*WHAT THIS TASK INVOLVES*
Every line that contains "space" must be located and copied from the data.

INPUT DATA section start

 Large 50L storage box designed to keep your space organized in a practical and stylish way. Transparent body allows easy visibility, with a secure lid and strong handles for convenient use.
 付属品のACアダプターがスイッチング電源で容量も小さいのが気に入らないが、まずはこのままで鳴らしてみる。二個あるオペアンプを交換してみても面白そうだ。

INPUT DATA section end
INPUT DATA section start

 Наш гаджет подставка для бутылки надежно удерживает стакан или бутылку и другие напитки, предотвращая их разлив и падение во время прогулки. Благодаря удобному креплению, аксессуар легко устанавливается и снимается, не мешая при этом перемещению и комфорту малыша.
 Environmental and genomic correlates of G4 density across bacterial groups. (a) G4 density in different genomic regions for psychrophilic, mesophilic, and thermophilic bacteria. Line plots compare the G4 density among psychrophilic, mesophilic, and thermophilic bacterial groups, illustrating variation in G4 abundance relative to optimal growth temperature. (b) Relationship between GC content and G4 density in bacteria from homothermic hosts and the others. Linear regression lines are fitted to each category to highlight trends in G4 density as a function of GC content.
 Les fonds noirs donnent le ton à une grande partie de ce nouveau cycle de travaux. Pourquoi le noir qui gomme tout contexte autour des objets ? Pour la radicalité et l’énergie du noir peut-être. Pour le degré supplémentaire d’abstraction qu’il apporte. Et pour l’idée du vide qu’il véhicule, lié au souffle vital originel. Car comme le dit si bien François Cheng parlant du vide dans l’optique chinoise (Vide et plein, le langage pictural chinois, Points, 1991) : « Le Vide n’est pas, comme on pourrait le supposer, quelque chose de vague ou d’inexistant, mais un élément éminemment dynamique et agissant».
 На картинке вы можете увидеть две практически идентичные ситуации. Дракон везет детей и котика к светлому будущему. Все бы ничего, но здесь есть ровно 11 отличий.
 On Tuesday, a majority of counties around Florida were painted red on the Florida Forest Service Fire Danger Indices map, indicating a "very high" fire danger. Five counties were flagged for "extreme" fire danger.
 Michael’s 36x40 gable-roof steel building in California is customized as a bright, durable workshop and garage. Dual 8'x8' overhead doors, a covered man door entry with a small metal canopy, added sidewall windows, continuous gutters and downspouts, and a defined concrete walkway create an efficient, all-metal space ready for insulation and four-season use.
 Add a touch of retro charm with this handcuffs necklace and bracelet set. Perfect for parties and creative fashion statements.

INPUT DATA section end
INPUT DATA section start

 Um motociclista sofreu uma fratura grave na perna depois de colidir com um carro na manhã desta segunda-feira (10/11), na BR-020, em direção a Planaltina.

INPUT DATA section end

*REPLY*
 Large 50L storage box designed to keep your space organized in a practical and stylish way. Transparent body allows easy visibility, with a secure lid and strong handles for convenient use.
 Michael’s 36x40 gable-roof steel building in California is customized as a bright, durable workshop and garage. Dual 8'x8' overhead doors, a covered man door entry with a small metal canopy, added sidewall windows, continuous gutters and downspouts, and a defined concrete walkway create an efficient, all-metal space ready for insulation and four-season use.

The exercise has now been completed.